I gave a presentation of what was termed “integrated search” and “news” at NTNU Library’s internal seminar last Thursday (2009-05-28); what I presented can be characterized in the following:
- context-based services
The last two aren’t really that interesting, but the first item really is.
I made the point that our users are dependent on profile-services (i.e. services where they have a username and password that links them to an account that contains some details about them). These profile services often contain information that is relevant to their research/study interests (remember that we’re talking about a university library here).
I created two mock-ups, one of the university intranett, where a member of staff or student will have their department listed as part of their profile data; and a second one based on the learning management system in use at NTNU, Its:Learning. In the latter, it is possible to specify search sources including recommended reading, and resources linked directly to a programme of study.

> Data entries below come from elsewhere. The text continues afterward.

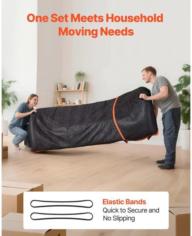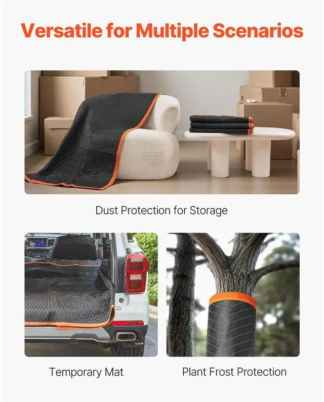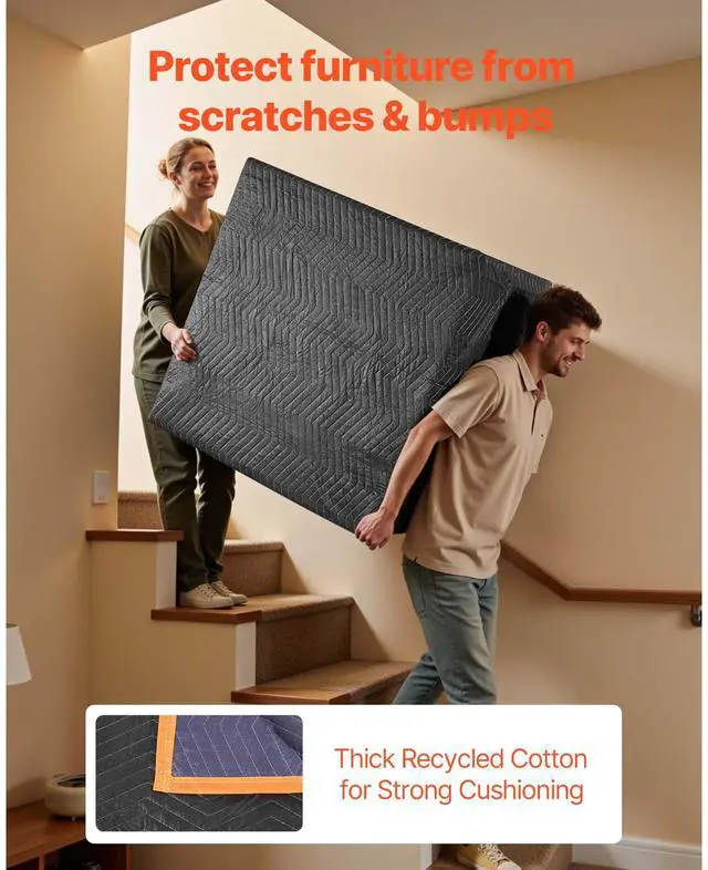 VEVOR Moving Blankets 6 Pcs, 80 x 72 in (35 lbs/dz) Large Packing Blankets with Cotton Filling, Heavy Duty Nonwoven Fabric Padded Moving Blanket for Shipping, Wrapping, Protecting Furniture
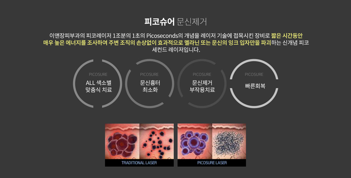 지우고 싶었던 문신! 후회까지 말끔하게 지우자! 피부손상NO / 흉터걱정 NO / 피부과전문의 이앤장피부과의 문신제거는 피부과전문의가 직점 시술합니다. 인라이튼 피코레이저의 문신제거는 750 피코펄스를 이용하여 열손상이 없고 효과가 검증된 파장으로 손상을 줄여 흉터와 부작용을 줄여 문신을 말끔하게 제거합니다.
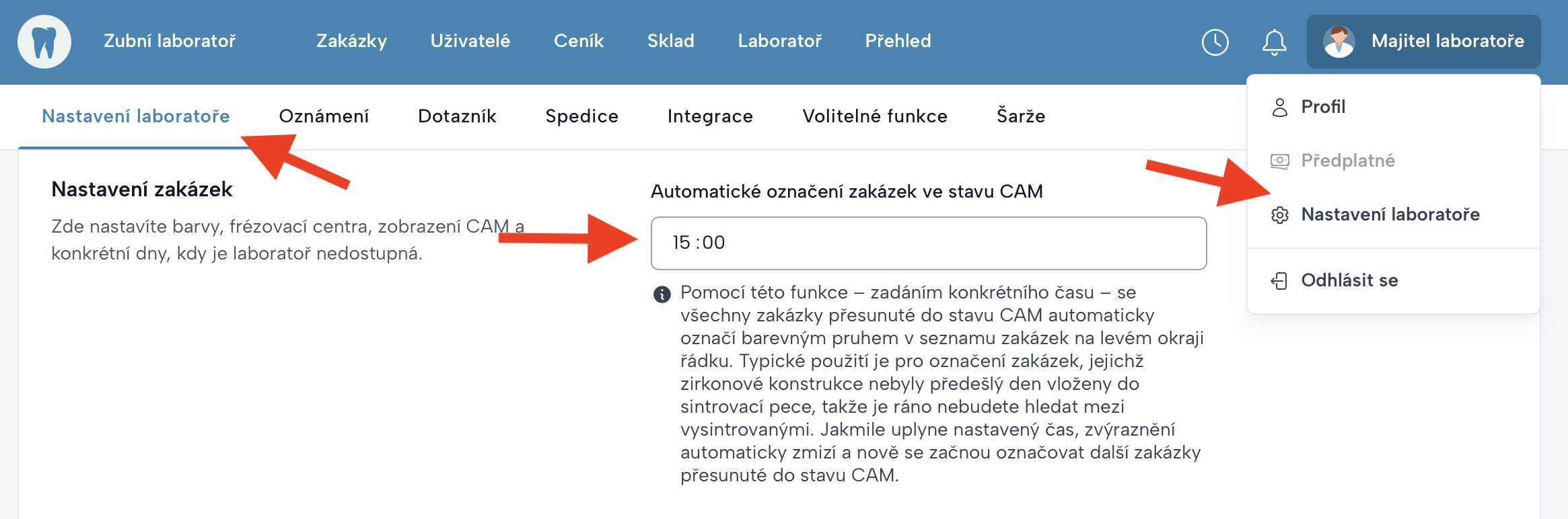 - Klikněte na Majitel laboratoře → Nastavení laboratoře.

Connecting the profile data on their interests with a set of resources/news feeds can hardly be described as difficult, so why is this not yet being done? To be honest, it is difficult for the library to get access to the necessary APIs to enable us to link our data to the data in these restricted, profile-based resources. We had extensive communication with Its:Learning, only to be told that they weren’t interested in working with us (they had other priorities). A shame really in this latter case, because we pretty much had everything ready from our side.
The idea of creating relevance by linking known research/study interests together with the library’s resources is not new, and in fact I have just taken receipt of the result of a customer-driven project by some students from NTNU’s computer science department. The students delivered a nice example of a feed aggregator that can also classify feeds according to “Norsk inndeling av vitenskapsdisipliner”, a Norwegian classification system for scientific disciplines. This kind of aggregator was designed to slip easily into a model where the data si fed into other systems, preferably using the APIs mentioned above. In fact, that was the whole point (the students did a good job, by the way :)).
It was pointed out to me that Google (Scholar) rules the roost when it comes to search, but I still reckon that providing quality information to academics based on relevance criteria will provide time-savings compared to the Google alternative. Google Scholar is a really good tool, but it just can’t beat the relevance of information in the small, commercial subject databases that the library provides its users. The problem is getting the users to look at these databases first — and it is here that the integration of search is a big issue.
The news approach provides links to the latest results from the databases and journals and is really a supplement to searching, it saves users time by providing users with the newest research in their field. Google can’t really do this acceptably well yet (sort by latest is hit and miss at best), so we have a good reason to provide this kind of service.